To enhance prediction accuracy, a GA was employed to optimize the ANN's initial weights and biases. The GA was run for 100 generations with a population size of 50, using a crossover fraction of 0.8 and mutation rate of 0.01. The fitness function minimized the squared difference between the network output and the target antioxidant values. Overall, the experiment has done by screening the factors, optimizing by RSM, modelling by ANN–GA and the obtained results were validated.
Antioxidant activity increased as the inoculum size was raised to the optimal level. This is possibly because higher viable cell counts accelerate metabolite production. It was found that a 24-hour inoculation time was ideal. Longer fermentation times reduced antioxidant content by degrading phenolics and anthocyanins, whereas shorter fermentation times led to incomplete fermentation. Optimal probiotic growth and metabolic release were supported at the ideal temperature of 37 °C. Higher temperatures increased stress and reduced the stability of bioactive compounds, while lower temperatures hindered microbial activity.
Optimisation process of fermentation commonly begins with a Plackett–Burman (P–B) screening to identify key factors, followed by RSM for refined modelling. For example, Bajpai et al.19 used P–B design to screen significant medium components for CoQ10 production, and then optimized their levels via RSM. This yielded a substantial increase in CoQ10 titer (from 10.8 to 18.57 mg L−1) under the RSM-optimized conditions. Similarly, Hu et al.16 optimized coffee pulp wine fermentation by first pinpointing critical factors (material-to-liquid ratio, pH, sugar, yeast inoculum) through P–B screening, then applying RSM (central composite design) to model the fermentation response. In both cases, RSM proved effective in navigating multifactor interactions to improve fermentation metrics. For instance, the sugarcane–papaya wine optimization by Patil et al.20 achieved significant enhancement in product yields and antioxidant levels using a comparable RSM-based approach. These findings align well with the current study, where a P–B design likely identified influential variables (e.g., temperature, time, inoculum size) for subsequent RSM modelling. The use of RSM in the Sohiong study is in line with the literature. It provides a quadratic model capturing factor interactions, which is crucial since fermentation outcomes depend on a synergy of conditions. Notably, RSM optimization in fruit-based fermentations has led to improved product qualities. Deshaware et al.21 optimized bitter gourd fermentation to boost nutrients, and Yuan et al.22 optimized jujube wine fermentation for maximal antioxidant content. These precedents support the approach used in the Sohiong juice study and provide a benchmark for expected improvements. The main effects plot (Fig. 1) illustrates a steep upward trend in DPPH with increasing temperature, corroborating the strong coefficient observed in the model. Strain L (Lactobacillus plantarum MCC 2974) outperformed strain B (Bifidobacterium BB-12), validating its selection for final formulation. Similarly, increased inoculum size positively influenced antioxidant activity.
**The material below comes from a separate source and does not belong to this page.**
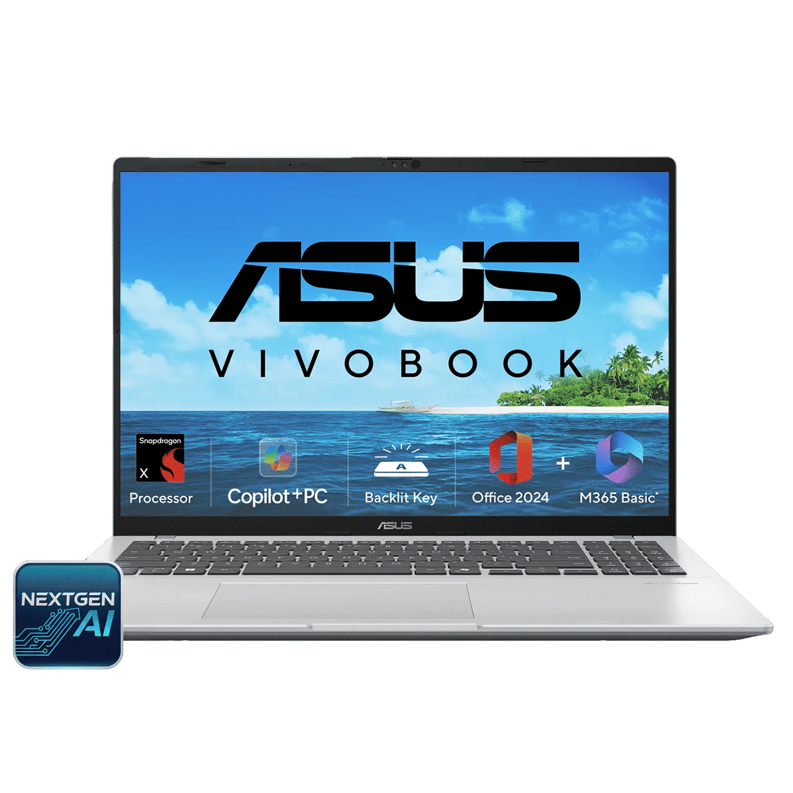ASUS Vivobook 16 Snapdragon X X1 26 100 Thin & Light Laptop (16GB, 512GB SSD, Windows 11 Home, 16 inch WUXGA Display, MS Office Home 2024, Cool Silver, 1.88 KG)

The regression equation based on coded variables is:
| Y(DPPH) = 4.90 + 1.745X1 + 0.505X2 + (1.69 × 10−7)X4 − 0.0018X3 |
The results demonstrated a consistent rise in DPPH scavenging activity with increasing temperature (Fig. 2). The maximum DPPH of 71.11% was achieved at 37 °C, establishing this point as the centre point for the subsequent Box–Behnken design. Corresponding improvements in TPC (156.10 mg GAE per g), TAC (229.23 mg C3GE per 100 mL), and TFC (176.56 mg QE per 100 mL) were also observed at this optimal temperature, indicating co-enhancement of secondary antioxidant parameters.
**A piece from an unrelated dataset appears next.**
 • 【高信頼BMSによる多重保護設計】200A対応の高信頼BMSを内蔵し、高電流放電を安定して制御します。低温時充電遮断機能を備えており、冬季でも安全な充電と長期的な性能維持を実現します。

The final regression equation in terms of coded factors was:
| Y = 68.06 + 0.014A − 0.011B + 2.52C + 0.32A2 + 0.15B2 + 0.23C2 + 0.16AB − 0.045AC − 0.065BC |
ANOVA results showed that the model was statistically significant (p < 0.001) with R2 = 0.9467, adjusted R2 = 0.8782, predicted R2 = 0.5193, lack-of-fit F = 1.42 (p = 0.3597; not significant), adequate precision = 10.698 (detailed table is provided in the SI). A non-significant lack-of-fit implies that the model adequately fits the data, with no unexplained variation beyond random error. This supports the use of the model for process prediction and optimization.
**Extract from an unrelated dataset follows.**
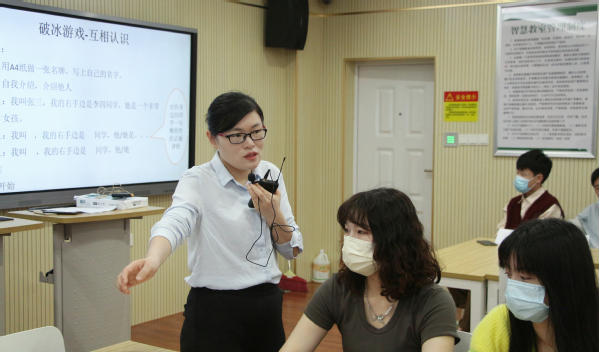 图为詹育红副教于开展游戏 摄影:郝芮

The response surface plots showed elliptical and curved profiles, confirming the presence of significant interaction effects among the selected factors (Fig. 3). The plots revealed that increasing temperature had a consistent positive impact on DPPH activity, especially when combined with lower inoculum size and shorter fermentation periods.
![]() | ||
| Fig. 3 Response-surface and contour plots illustrating the relationships among different process variables for DPPH. | ||
The predicted optimum conditions for DPPH maximization were inoculum size = 4.00 × 106 CFU mL−1; inoculation period = 24 hours; temperature = 37 °C, and predicted DPPH = 71.55%. These conditions were selected for validation and further modelling using ANN.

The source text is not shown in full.